**Supplied information:**
◆ ◆ ◆ ◆ ◆
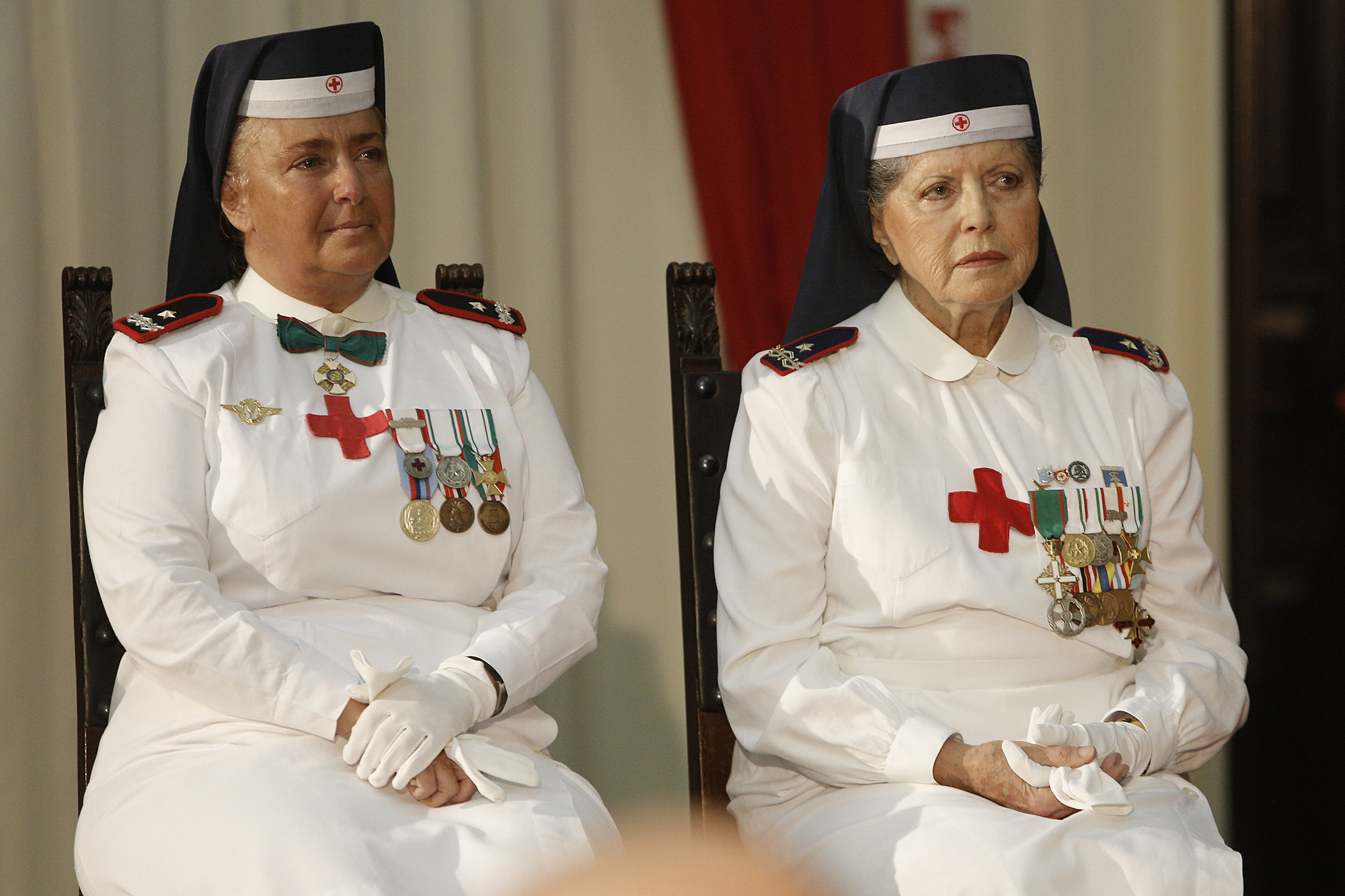La nuova Ispettrice nazionale Mila Braghetti Peretti (s) e l’Ispettrice uscente Monica Dialuce Gambino durante la cerimonia di avvicendamento al comando del Corpo delle Infermiere Volontarie della Croce Rossa, Roma 29 ottobre 2014. ANSA/GIUSEPPE LAMI
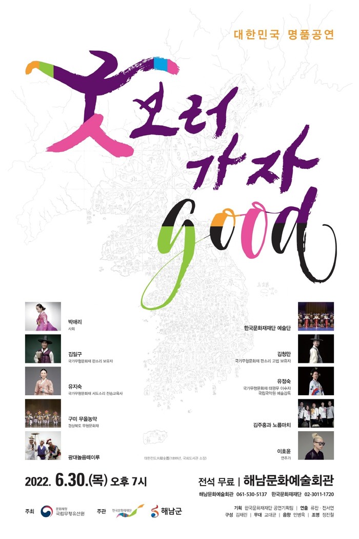 ‘굿보러가자’는 국악인 박애리의 사회로 국가무형문화재와 지역전통예술인 등 대한민국 최고의 명인을 만날 수 있는 국악 공연이다. 김일구(국가무형문화재 판소리 보유자), 김청만(국가무형문화재 판소리 고법 보유자), 유지숙(국가무형문화재 서도소리 전승교육사), 유정숙(국가무형문화재 태평무 이수자), 구미 무을농악(경상북도 무형문화재), 김주홍과 노름마치, 광대놀음 떼이루, 연주가 이호윤, 한국문화재재단 예술단이 무대에 올라 전통·퓨전국악 등 수준 높은 프로그램으로 관객을 만날 예정이다.
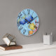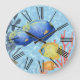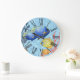 Den här väggklockan har en coola under vattenytan. Färgfulla tropiska fiskar simmar bland korall- och havsplantor. Vatten verkar realistiskt för att likna ett akvarium.
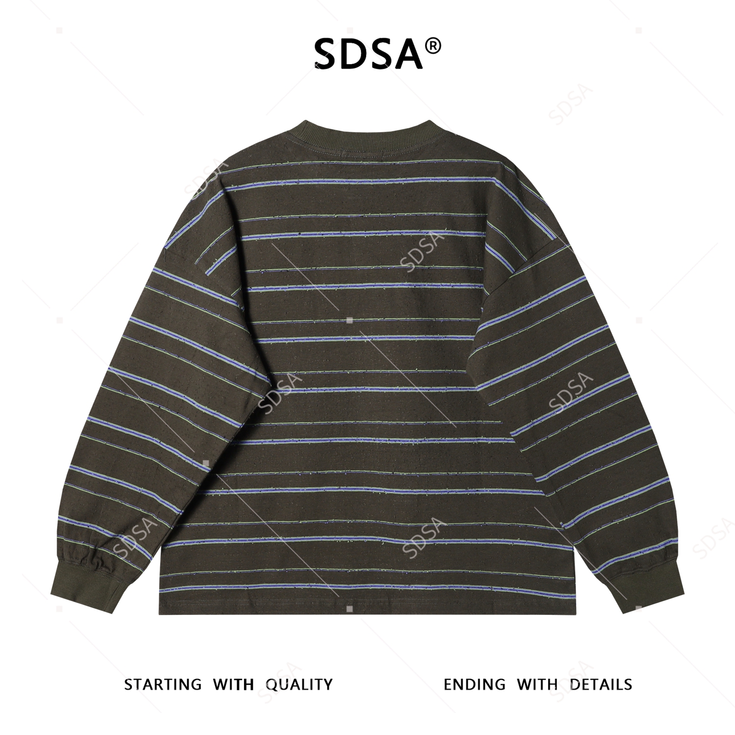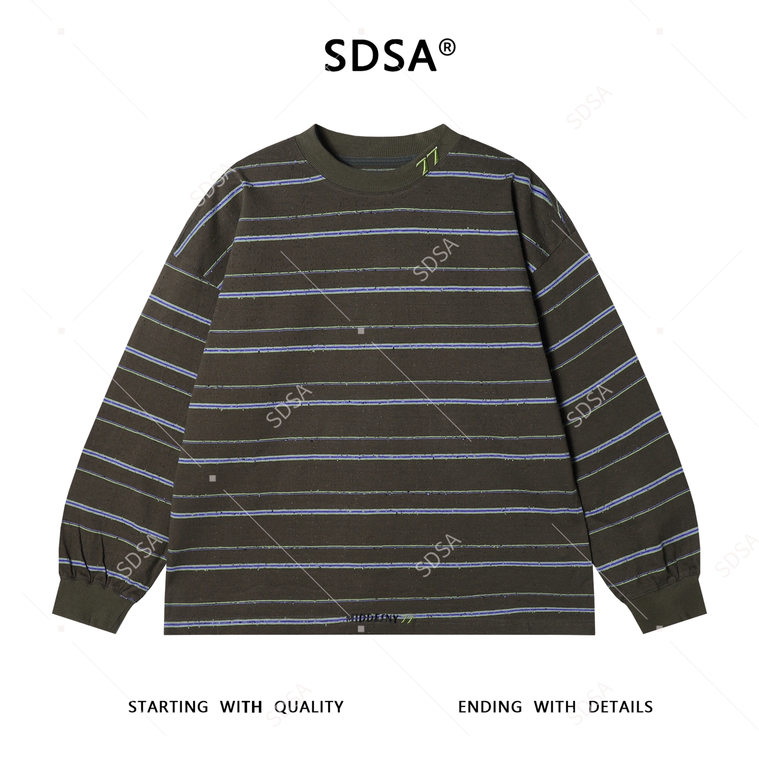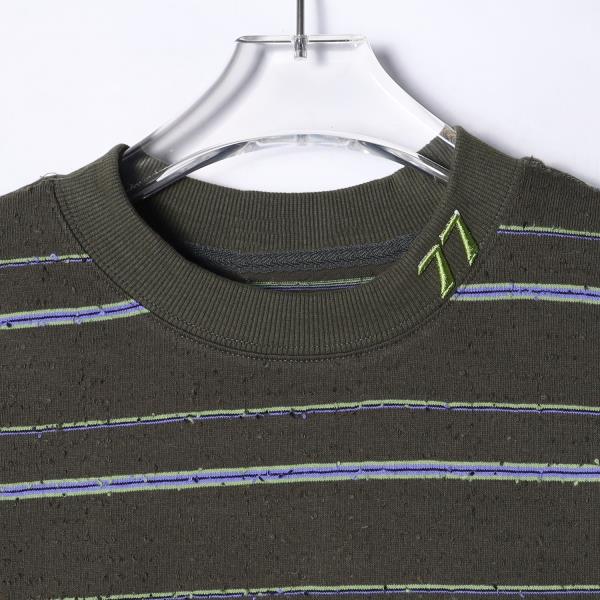 D920SDSA男士秋冬新款痞帅男装潮牌撞色条纹磨毛圆领T恤领口刺绣百搭
◆ ◆ ◆ ◆ ◆
Copy only this, please: the line with "Den här väggklockan" and every line after it through the end of the data, with no pictures.

**Task solution:**
 Den här väggklockan har en coola under vattenytan. Färgfulla tropiska fiskar simmar bland korall- och havsplantor. Vatten verkar realistiskt för att likna ett akvarium.
 D920SDSA男士秋冬新款痞帅男装潮牌撞色条纹磨毛圆领T恤领口刺绣百搭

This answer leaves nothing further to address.